*** Opening of INFORMATION SHOWN ***
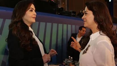 बॉलीवुड एक्ट्रेस और केकेआर की को-ओनर जूही चावला के साथ नीता अंबानी। नीता अंबानी ग्लैमर और ब्यूटी में जूही चावला से जरा भी कम नजर नहीं आतीं।
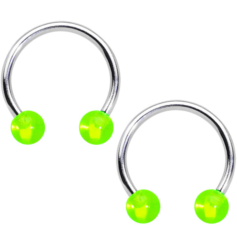 14 Gauge (1.6mm), 9/16" (14mm), 316L Surgical Grade Stainless Steel Straight Barbells, 9/16" (14mm) Surgical Grade Stainless Steel Circular Barbells, 5mm Acrylic Ball Ends, Sold as a Set of 4
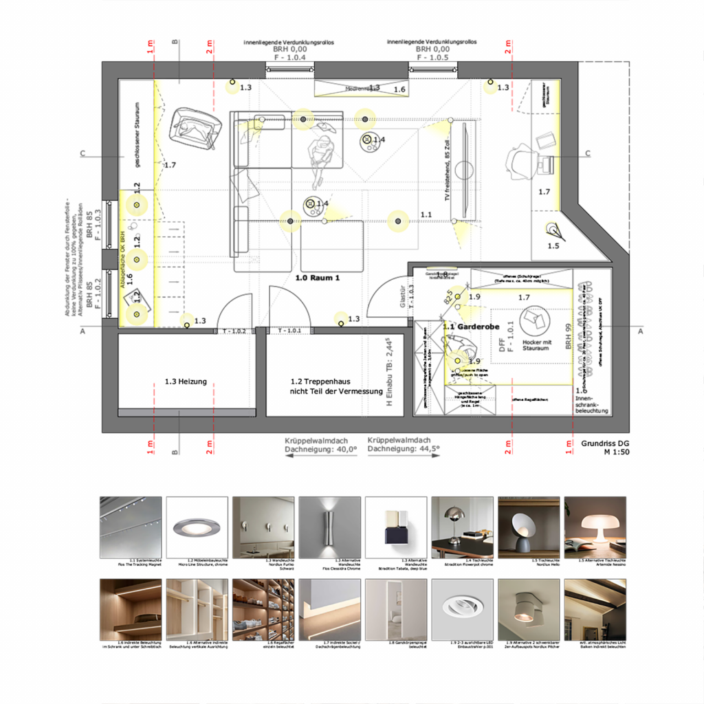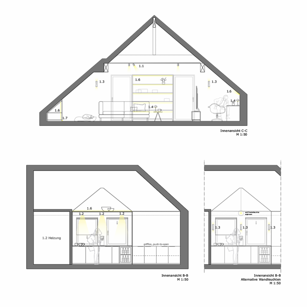 Das Ergebnis ist ein vielschichtiges und sorgfältig abgestimmtes Beleuchtungskonzept, das sowohl funktionalen Anforderungen als auch ästhetischen Ansprüchen gerecht wird. Es unterstützt gezielt die Raumgliederung, hebt architektonische Besonderheiten hervor und schafft je nach Nutzungssituation die gewünschte Lichtstimmung. Die eingesetzten Leuchten und Lichtsysteme sind präzise auf die Innenarchitektur abgestimmt und tragen entscheidend zur Qualität und Atmosphäre des gesamten Dachgeschosses bei.
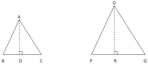 In the given figure, △ABC & △OPQ are similar triangles. If the ratio of the heights AD : OR = 12 : 17, then the ratio of their areas is
*** Close of INFORMATION SHOWN ***
TASK: Make an exact copy of the listing, with no images in it.

FINISHED TASK:
 बॉलीवुड एक्ट्रेस और केकेआर की को-ओनर जूही चावला के साथ नीता अंबानी। नीता अंबानी ग्लैमर और ब्यूटी में जूही चावला से जरा भी कम नजर नहीं आतीं।
 14 Gauge (1.6mm), 9/16" (14mm), 316L Surgical Grade Stainless Steel Straight Barbells, 9/16" (14mm) Surgical Grade Stainless Steel Circular Barbells, 5mm Acrylic Ball Ends, Sold as a Set of 4
 Das Ergebnis ist ein vielschichtiges und sorgfältig abgestimmtes Beleuchtungskonzept, das sowohl funktionalen Anforderungen als auch ästhetischen Ansprüchen gerecht wird. Es unterstützt gezielt die Raumgliederung, hebt architektonische Besonderheiten hervor und schafft je nach Nutzungssituation die gewünschte Lichtstimmung. Die eingesetzten Leuchten und Lichtsysteme sind präzise auf die Innenarchitektur abgestimmt und tragen entscheidend zur Qualität und Atmosphäre des gesamten Dachgeschosses bei.
 In the given figure, △ABC & △OPQ are similar triangles. If the ratio of the heights AD : OR = 12 : 17, then the ratio of their areas is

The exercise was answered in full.